Supported key media types

floppy disks 3.5;
smart cards using smart card readers that support the PC/SC protocol;
Touch-Memory DS1993 - DS1996 tablets using Accord 4+ devices, an electronic lock “Sobol”, “Krypton” or a Touch-Memory DALLAS tablet reader (only in Windows versions);
electronic keys With USB interface(USB tokens);
removable media with USB interface;
Windows OS registry;
Solaris/Linux/FreeBSD OS files.

	CSP 3.6	CSP 3.9	CSP 4.0	CSP 5.0
Windows Server 2016		x64*	x64**	x64
Windows 10		x86 / x64*	x86 / x64**	x86/x64
Windows Server 2012 R2		x64	x64	x64
Windows 8.1		x86/x64	x86/x64	x86/x64
Windows Server 2012	x64	x64	x64	x64
Windows 8	x86/x64	x86/x64	x86/x64
Windows Server 2008 R2	x64/iteanium	x64	x64	x64
Windows 7	x86/x64	x86/x64	x86/x64	x86/x64
Windows Server 2008	x86 / x64 / itanium	x86/x64	x86/x64	x86/x64
Windows Vista	x86/x64	x86/x64
Windows Server 2003 R2	x86 / x64 / itanium	x86/x64	x86/x64	x86/x64
Windows Server 2003	x86 / x64 / itanium	x86/x64	x86/x64	x86/x64
Windows XP	x86/x64
Windows 2000	x86

The first place to start is to decide on the version you need. Client or server. If you plan to use the CryptoPro CSP CIPF on the server, buy it right away. A client license will not work. Yes, the price of a server license is several times higher, and in earlier versions it was possible to install a client license on the server, but today client licenses simply cannot be installed on server operating systems, despite the fact that everything worked in the trial (test) period.

GOST R 34.10-2012

Find out if you need support for the new 2012 electronic signature standards. Only supports the electronic signature standard GOST R 34.10-2012 (“Creating a signature” and “Verifying a signature”). The remaining versions of the crypto provider (3.0, 3.6 and 3.9) support GOST 94 and 2001.

Please be informed

The procedure for transition to the national standard GOST R 34.10-2012 in electronic signature tools for information that does not contain state secrets has been determined.

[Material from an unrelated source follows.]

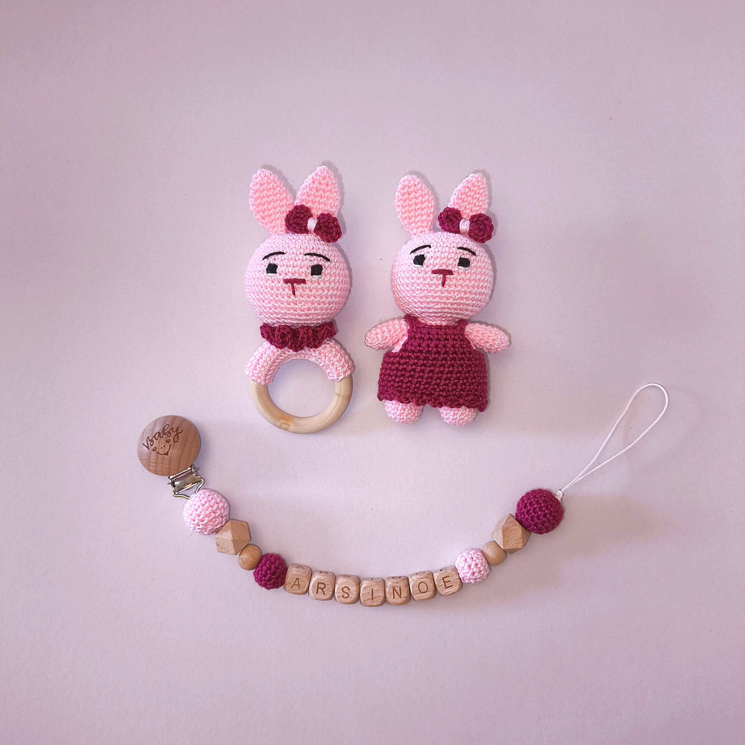 Χειροποίητο πλεκτό σετ λαγουδάκι σε χρώμα ροζ.
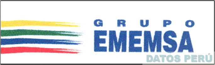 El logotipo conformado por la denominación GRUPO EMEMSA escrita en letras características de color azul, antecedida por cuatro franjas de color amarillo, verde, azul y rojo, respectivamente, cada una; conforme al modelo adjunto

From the document of the FSB of Russia No. 149/7/1/3-58 dated January 31, 2014 “On the procedure for transition to the use of new digital signature standards and hashing functions,” we learn that after December 31, 2019, it will be unacceptable to use GOST R 34.10 to create an electronic signature -2001.

FSB Certificate

In many information systems (especially government ones), one of the main and mandatory requirements is the presence of an FSB certificate of conformity for the software. On this moment Versions 3.6 and 4.0 are certified.

The CryptoPro CSP 4.0 version has FSB certificates for protection classes and for operating systems from Windows Vista to Windows 10.

CryptoPro CSP 3.9 R2 CryptoPro CSP 4.0 R2 supporting work in Windows 10 today received a positive conclusion from the FSB.

Windows or Unix

If you choose version 3.6, then you need to decide which one operating system The software will be installed - on Windows or Unix-like. This division is only available in versions of CryptoPro CSP 3.6 and earlier. If you purchase the or version, then it does not matter which operating system you plan to install it on - Windows or Unix-like.